What the task requires ::
What's needed is the listing below, repeated word for word with no pictures.

Given material ::
····················

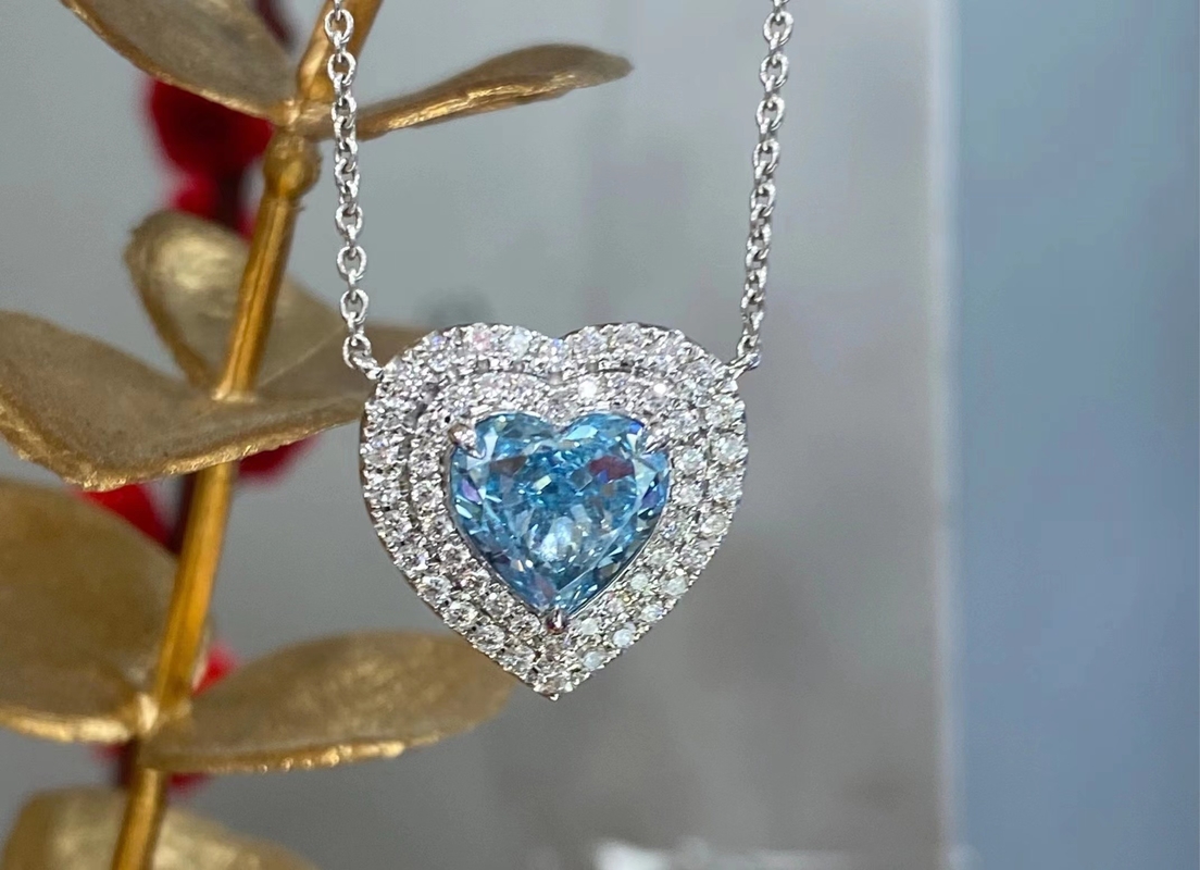 قلاده ی الماس قلاده ی الماس لابراتوار الماس های رنگی قلب برشجواهرات نامزدی
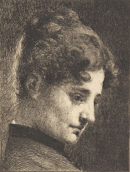 Curator: Rossetti's 1867 pencil portrait, titled "Ellen Smith," offers a fascinating glimpse into Pre-Raphaelite aesthetics. What strikes you initially? Editor: The softness, undeniably. It's almost dreamlike in its hazy edges. There's an inherent intimacy because the gaze is averted. What is the story behind this figure? Curator: Ellen Smith was one of Rossetti's models. The artwork situates her within the Pre-Raphaelite's fascination with feminine beauty, and her red hair was likely meant to tie to his muse, Elizabeth Siddal. However, this work should not be seen just through the eyes of male desire. Ellen looks intelligent and rather detached from her representation. The question arises, to what degree did she engage, or perhaps even resist, this romantic idealization? Editor: True, her gaze hints at a mind of her own. Looking at the technique, note how Rossetti uses line to create volume, yet the contours remain surprisingly indistinct, enhancing that dreamy quality. This, along with the subtle shading of her features and neck, helps bring out this face. I'm intrigued by that minimal rendering. How does this align with or depart from traditional portraiture? Curator: Portraiture at this time often served to elevate the subject’s status and virtue. Rossetti certainly plays with this convention. It can be read in relation to the political movement that promoted the emancipation of women and called for better access to education for them. The artist might offer some insights to his patron through this aesthetic lens. The delicate nature of the pencil medium underscores a certain vulnerability. Editor: And the composition—the subject almost fills the entire space, with just the simple high collar dress visible. It focuses our attention solely on her face and that slightly enigmatic expression. Curator: Precisely. It prompts us to consider the artist’s choice to represent the model as an individual, while situating her within the prevailing aesthetic ideals. It invites questions about agency, representation, and the negotiation of identity in art. Editor: It seems that every element—composition, the medium, line quality— serves the emotional charge of romanticism that defines Rossetti's practice. Ultimately, Ellen remains both present and elusive. Curator: Her presence indeed lingers. The gaze has staying power.
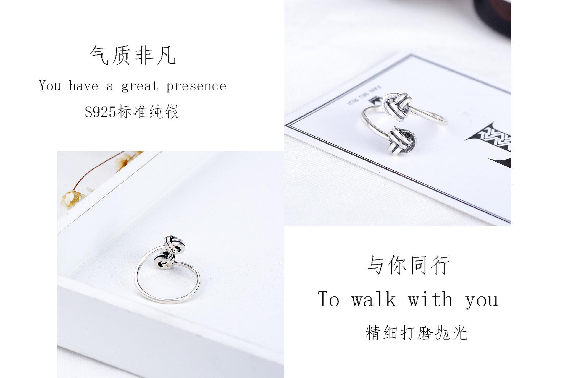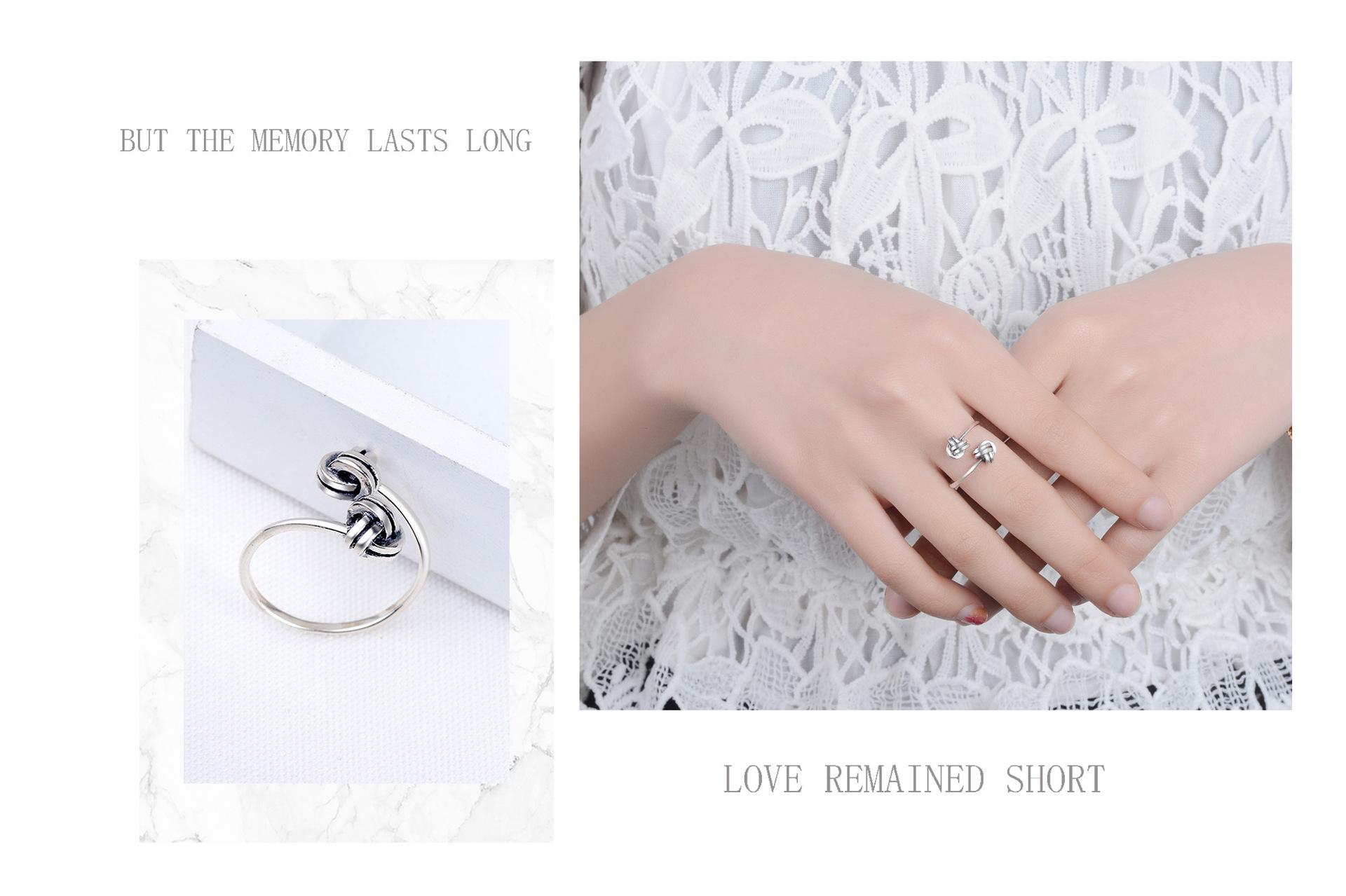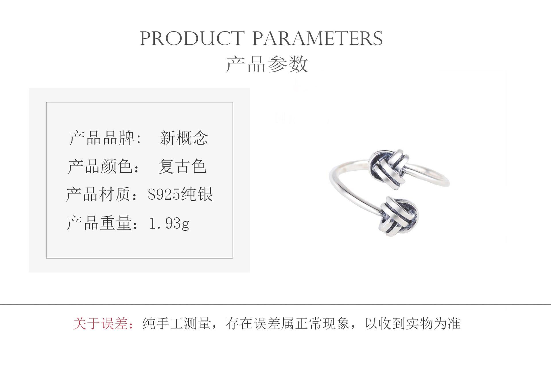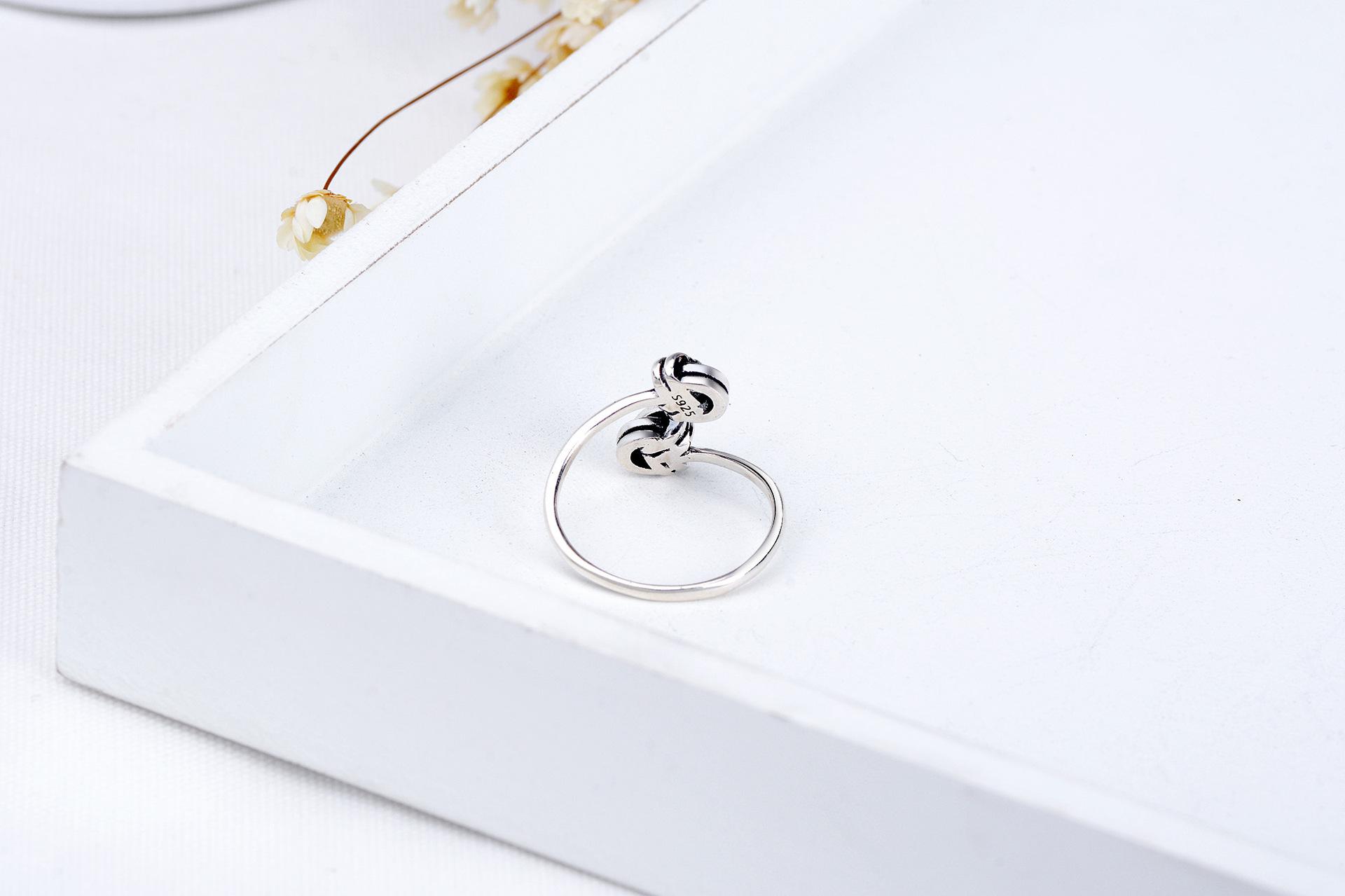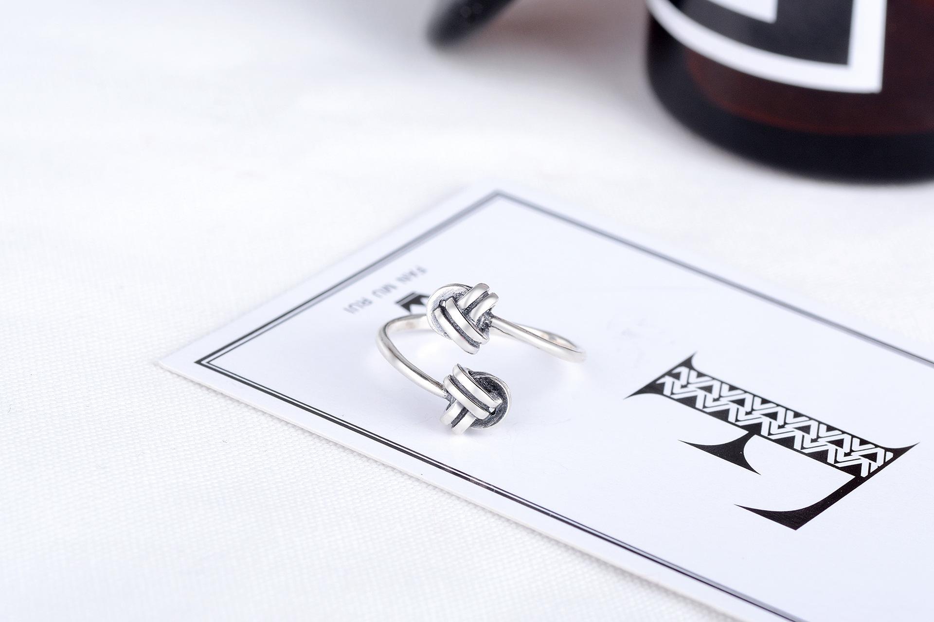 Anillo abierto estilo coreano de plata de ley S925 con doble nudo desgastado vintage para mujer, sencillo y distintivo, joyería tailandesa de plata.

····················

The completed task ::
 قلاده ی الماس قلاده ی الماس لابراتوار الماس های رنگی قلب برشجواهرات نامزدی
 Curator: Rossetti's 1867 pencil portrait, titled "Ellen Smith," offers a fascinating glimpse into Pre-Raphaelite aesthetics. What strikes you initially? Editor: The softness, undeniably. It's almost dreamlike in its hazy edges. There's an inherent intimacy because the gaze is averted. What is the story behind this figure? Curator: Ellen Smith was one of Rossetti's models. The artwork situates her within the Pre-Raphaelite's fascination with feminine beauty, and her red hair was likely meant to tie to his muse, Elizabeth Siddal. However, this work should not be seen just through the eyes of male desire. Ellen looks intelligent and rather detached from her representation. The question arises, to what degree did she engage, or perhaps even resist, this romantic idealization? Editor: True, her gaze hints at a mind of her own. Looking at the technique, note how Rossetti uses line to create volume, yet the contours remain surprisingly indistinct, enhancing that dreamy quality. This, along with the subtle shading of her features and neck, helps bring out this face. I'm intrigued by that minimal rendering. How does this align with or depart from traditional portraiture? Curator: Portraiture at this time often served to elevate the subject’s status and virtue. Rossetti certainly plays with this convention. It can be read in relation to the political movement that promoted the emancipation of women and called for better access to education for them. The artist might offer some insights to his patron through this aesthetic lens. The delicate nature of the pencil medium underscores a certain vulnerability. Editor: And the composition—the subject almost fills the entire space, with just the simple high collar dress visible. It focuses our attention solely on her face and that slightly enigmatic expression. Curator: Precisely. It prompts us to consider the artist’s choice to represent the model as an individual, while situating her within the prevailing aesthetic ideals. It invites questions about agency, representation, and the negotiation of identity in art. Editor: It seems that every element—composition, the medium, line quality— serves the emotional charge of romanticism that defines Rossetti's practice. Ultimately, Ellen remains both present and elusive. Curator: Her presence indeed lingers. The gaze has staying power.
 Anillo abierto estilo coreano de plata de ley S925 con doble nudo desgastado vintage para mujer, sencillo y distintivo, joyería tailandesa de plata.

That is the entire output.